- Assignment
Further down are entries; set down exactly and only the lines from the one with "Car Carrier MV" up to and including the one with "祝國(guó)民的果園有近5", dropping each picture.

- Records from a data collection
══════════════════════════════

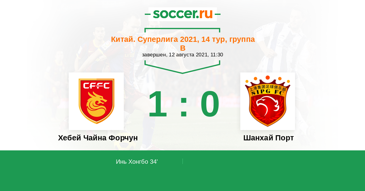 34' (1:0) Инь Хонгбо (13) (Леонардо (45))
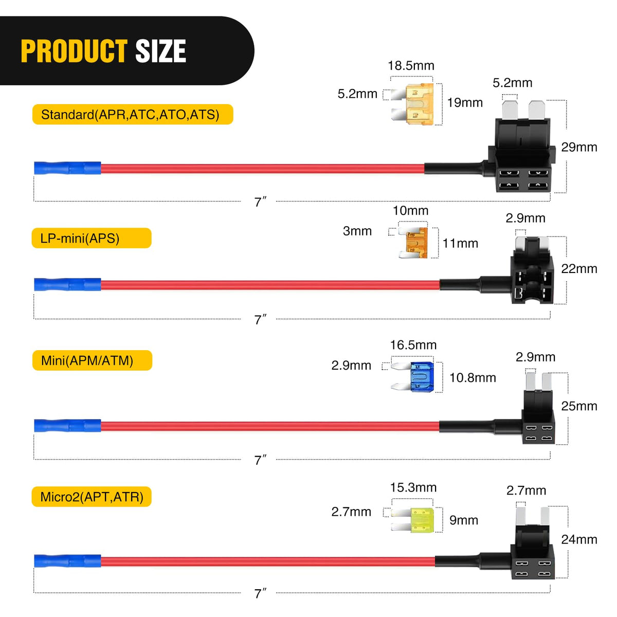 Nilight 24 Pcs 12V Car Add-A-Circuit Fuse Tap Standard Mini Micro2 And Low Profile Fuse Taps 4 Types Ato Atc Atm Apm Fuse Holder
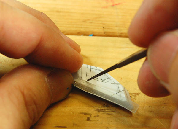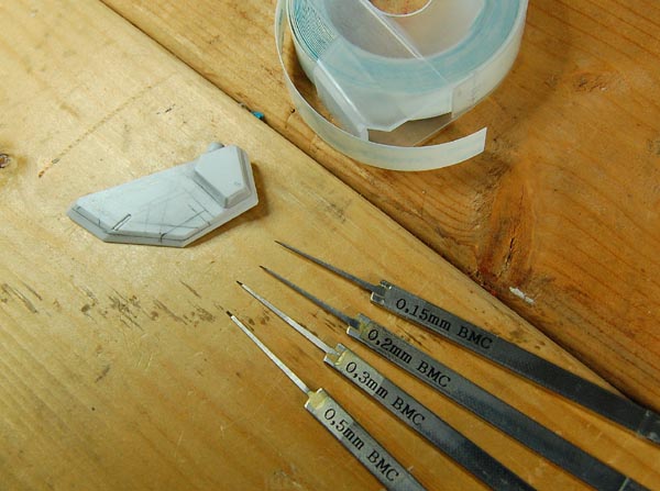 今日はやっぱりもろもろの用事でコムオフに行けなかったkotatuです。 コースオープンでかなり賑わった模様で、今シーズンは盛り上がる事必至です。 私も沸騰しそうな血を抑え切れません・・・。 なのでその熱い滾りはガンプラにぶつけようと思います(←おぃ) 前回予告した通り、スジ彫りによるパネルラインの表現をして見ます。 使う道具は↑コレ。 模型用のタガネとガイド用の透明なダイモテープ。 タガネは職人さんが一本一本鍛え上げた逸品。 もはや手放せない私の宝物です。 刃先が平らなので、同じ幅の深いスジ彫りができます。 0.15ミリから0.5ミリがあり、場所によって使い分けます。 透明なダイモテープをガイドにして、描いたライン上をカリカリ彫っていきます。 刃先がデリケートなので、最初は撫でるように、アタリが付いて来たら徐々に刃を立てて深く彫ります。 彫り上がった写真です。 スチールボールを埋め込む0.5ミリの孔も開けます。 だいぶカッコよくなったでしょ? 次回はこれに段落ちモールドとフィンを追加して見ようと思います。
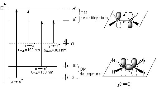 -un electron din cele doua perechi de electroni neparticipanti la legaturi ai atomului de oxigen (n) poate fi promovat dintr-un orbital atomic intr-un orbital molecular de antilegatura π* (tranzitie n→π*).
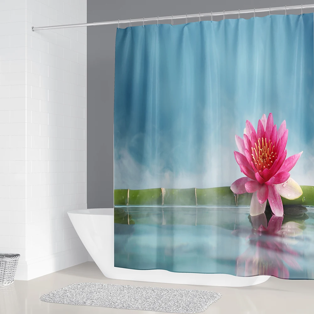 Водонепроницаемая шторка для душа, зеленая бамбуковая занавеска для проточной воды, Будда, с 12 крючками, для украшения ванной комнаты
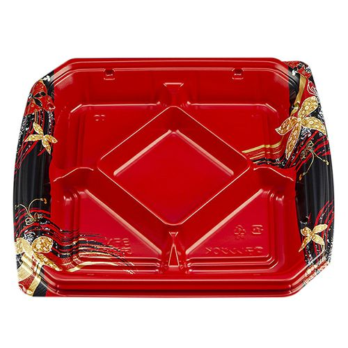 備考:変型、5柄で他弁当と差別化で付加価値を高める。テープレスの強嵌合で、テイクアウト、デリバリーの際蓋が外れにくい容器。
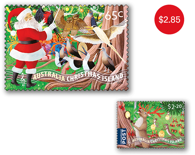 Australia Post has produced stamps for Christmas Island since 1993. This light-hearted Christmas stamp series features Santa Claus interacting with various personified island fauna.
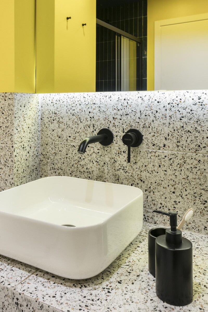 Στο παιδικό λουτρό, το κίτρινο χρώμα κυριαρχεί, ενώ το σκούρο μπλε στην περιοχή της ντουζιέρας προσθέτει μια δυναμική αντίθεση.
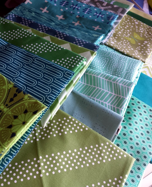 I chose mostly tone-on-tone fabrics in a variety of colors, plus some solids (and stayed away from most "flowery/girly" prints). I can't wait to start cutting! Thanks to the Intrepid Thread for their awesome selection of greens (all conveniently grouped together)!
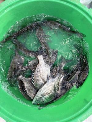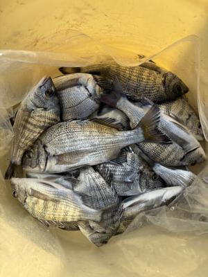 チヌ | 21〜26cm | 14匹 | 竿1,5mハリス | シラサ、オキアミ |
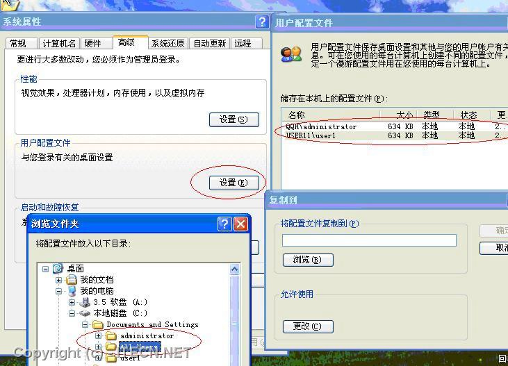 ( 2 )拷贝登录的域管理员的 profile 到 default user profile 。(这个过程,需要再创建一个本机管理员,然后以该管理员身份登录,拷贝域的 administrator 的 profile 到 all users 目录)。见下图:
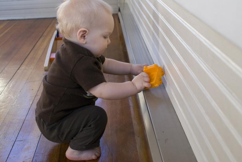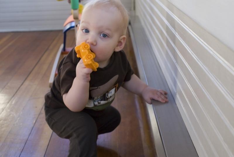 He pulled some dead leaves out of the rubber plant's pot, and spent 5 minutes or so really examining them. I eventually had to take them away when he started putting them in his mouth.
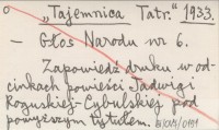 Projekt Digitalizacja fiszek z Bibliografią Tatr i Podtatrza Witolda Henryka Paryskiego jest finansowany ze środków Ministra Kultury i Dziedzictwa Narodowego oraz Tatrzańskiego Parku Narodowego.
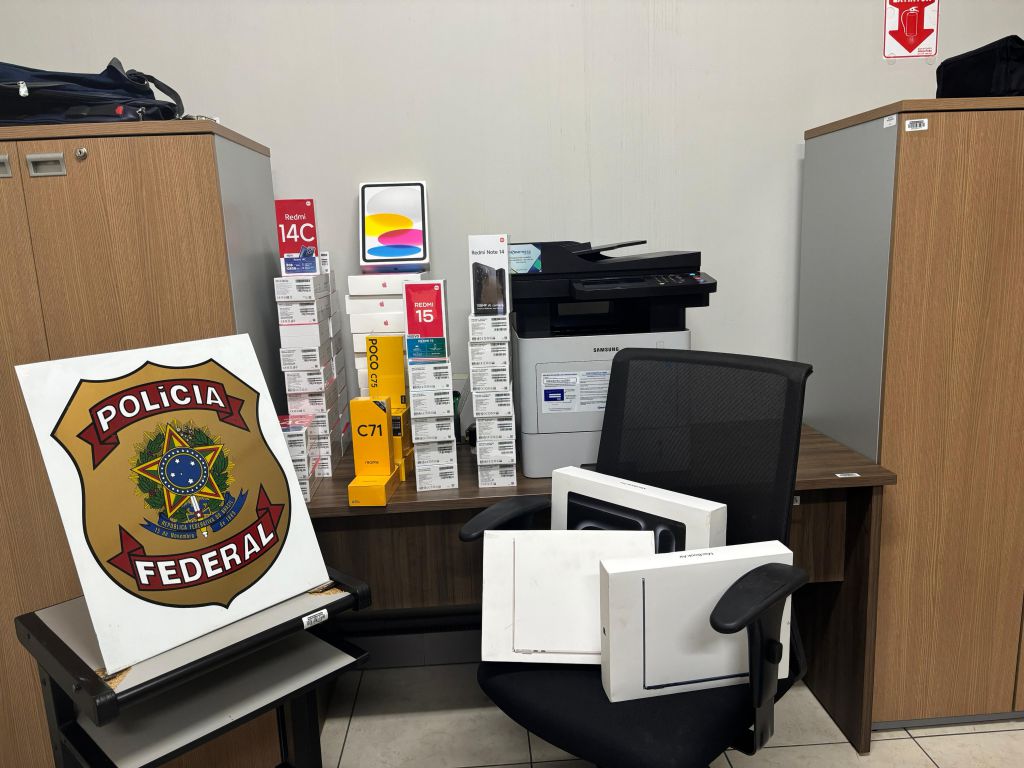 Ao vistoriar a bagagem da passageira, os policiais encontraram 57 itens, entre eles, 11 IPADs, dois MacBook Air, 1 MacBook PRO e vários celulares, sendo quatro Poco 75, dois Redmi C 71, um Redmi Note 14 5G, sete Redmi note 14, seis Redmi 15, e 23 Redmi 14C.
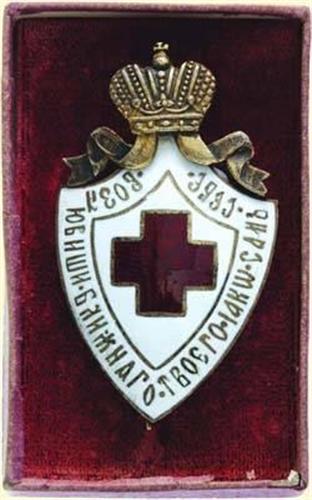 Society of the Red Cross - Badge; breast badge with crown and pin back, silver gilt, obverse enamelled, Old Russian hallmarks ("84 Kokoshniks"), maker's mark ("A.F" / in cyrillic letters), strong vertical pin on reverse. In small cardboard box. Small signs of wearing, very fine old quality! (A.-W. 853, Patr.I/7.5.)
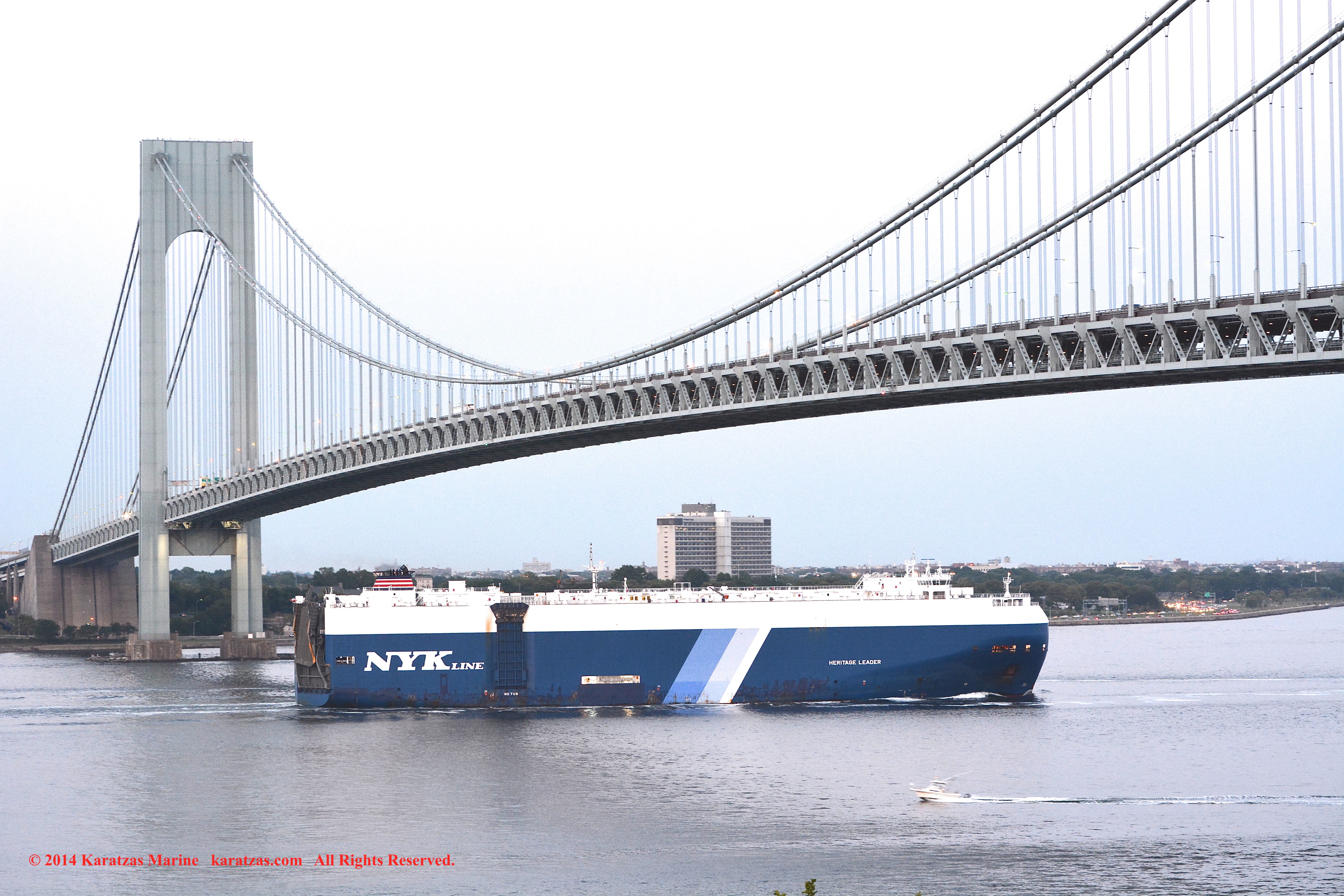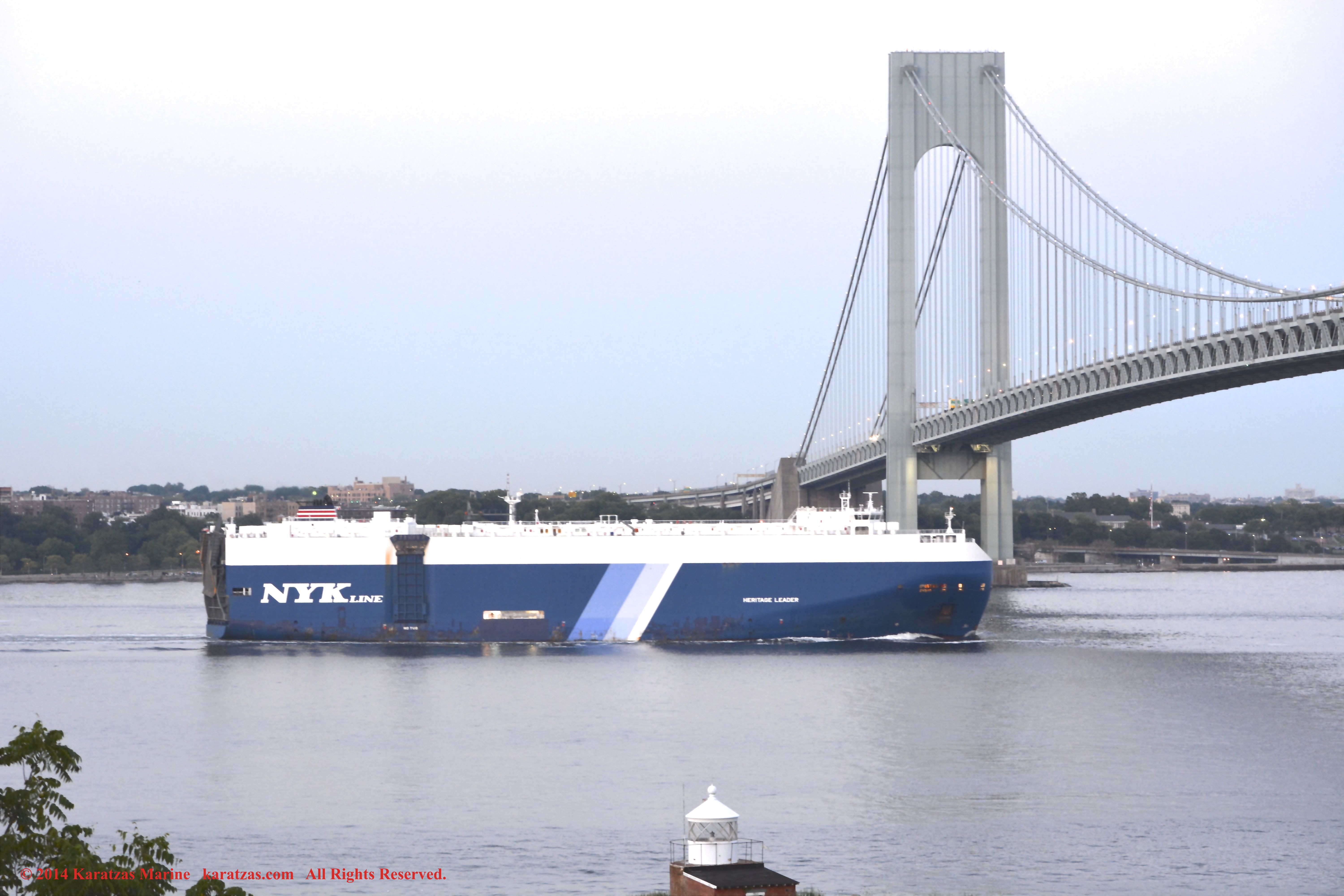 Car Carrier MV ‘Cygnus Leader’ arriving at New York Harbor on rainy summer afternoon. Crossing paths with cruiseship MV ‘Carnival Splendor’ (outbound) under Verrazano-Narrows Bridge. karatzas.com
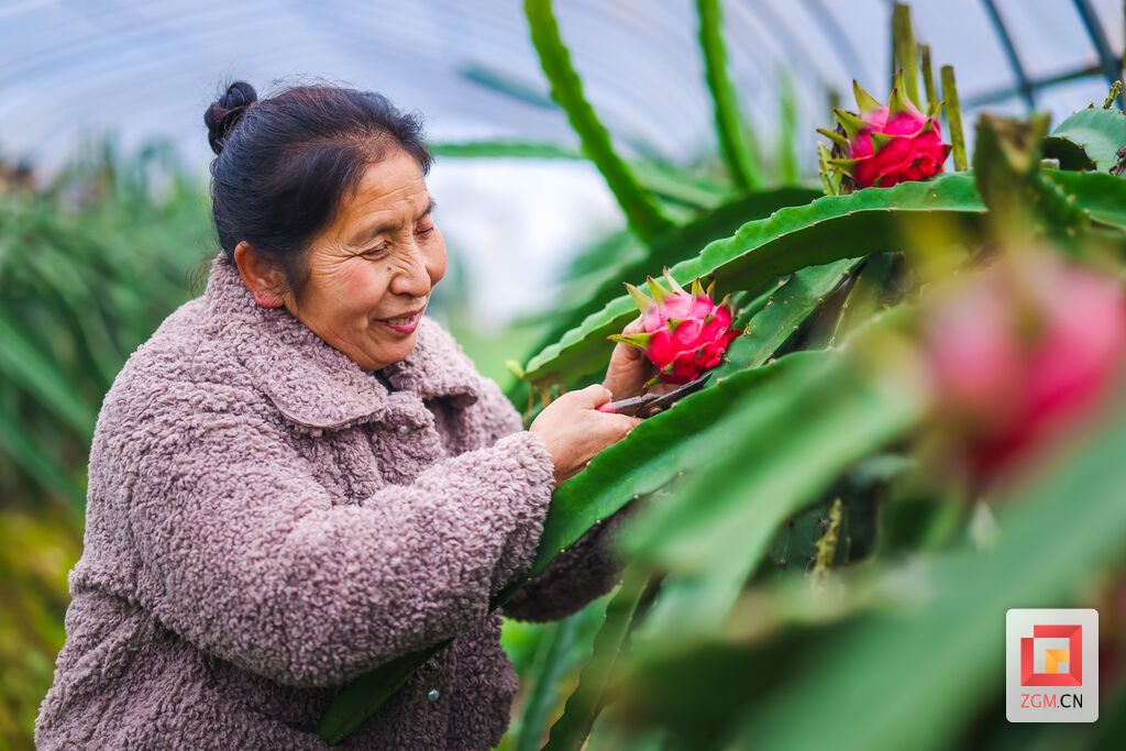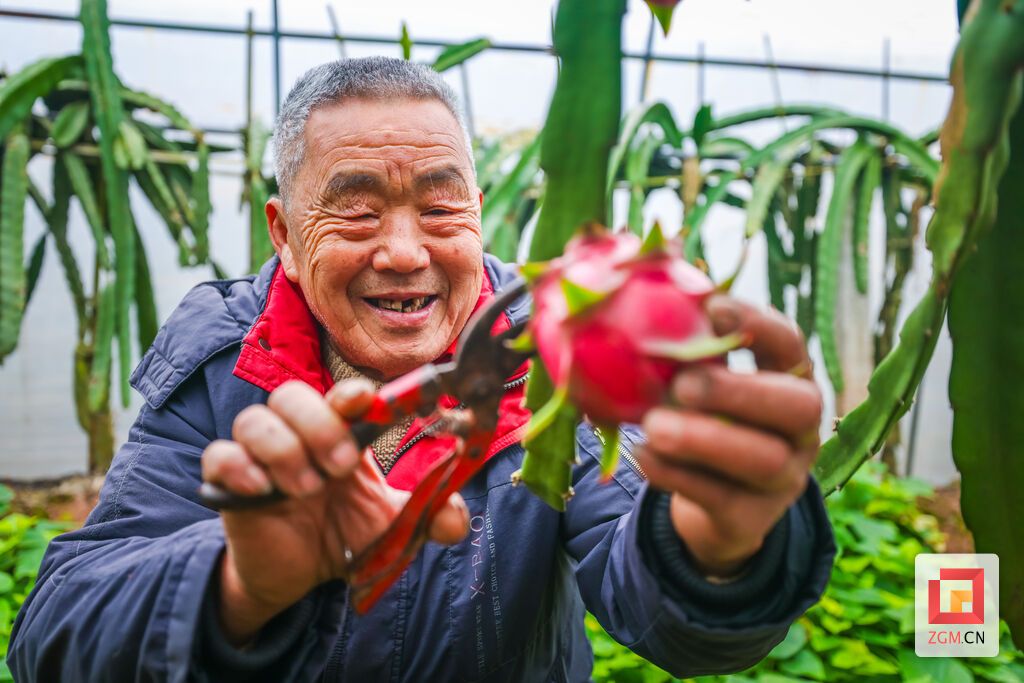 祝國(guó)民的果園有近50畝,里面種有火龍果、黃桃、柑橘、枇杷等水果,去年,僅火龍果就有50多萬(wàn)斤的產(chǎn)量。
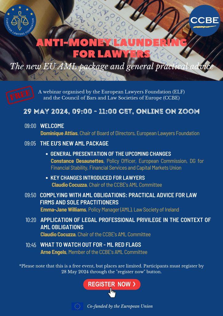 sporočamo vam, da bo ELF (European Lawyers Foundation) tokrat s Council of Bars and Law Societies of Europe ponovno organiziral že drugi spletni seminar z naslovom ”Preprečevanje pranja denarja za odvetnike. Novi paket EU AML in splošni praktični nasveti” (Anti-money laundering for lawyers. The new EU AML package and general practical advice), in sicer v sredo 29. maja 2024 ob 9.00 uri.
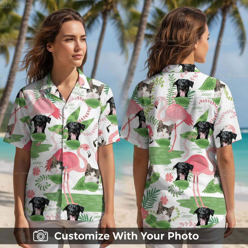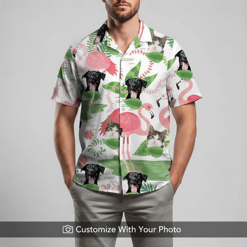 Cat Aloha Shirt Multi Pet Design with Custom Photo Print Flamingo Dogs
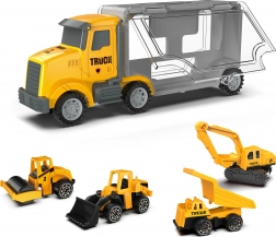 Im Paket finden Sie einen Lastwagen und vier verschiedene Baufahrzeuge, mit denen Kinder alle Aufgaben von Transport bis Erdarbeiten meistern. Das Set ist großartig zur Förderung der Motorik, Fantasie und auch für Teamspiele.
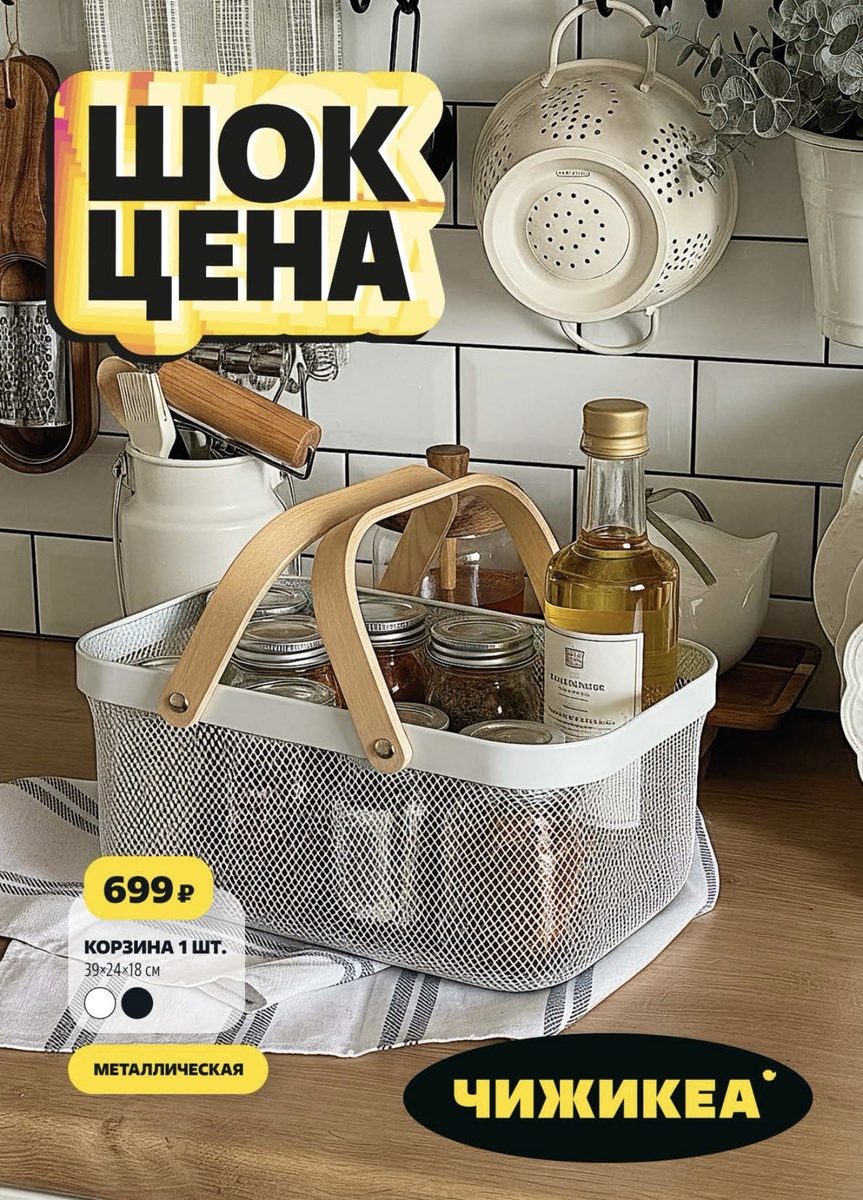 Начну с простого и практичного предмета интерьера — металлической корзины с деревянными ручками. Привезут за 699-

══════════════════════════════

- Task result
 Car Carrier MV ‘Cygnus Leader’ arriving at New York Harbor on rainy summer afternoon. Crossing paths with cruiseship MV ‘Carnival Splendor’ (outbound) under Verrazano-Narrows Bridge. karatzas.com
 祝國(guó)民的果園有近50畝,里面種有火龍果、黃桃、柑橘、枇杷等水果,去年,僅火龍果就有50多萬(wàn)斤的產(chǎn)量。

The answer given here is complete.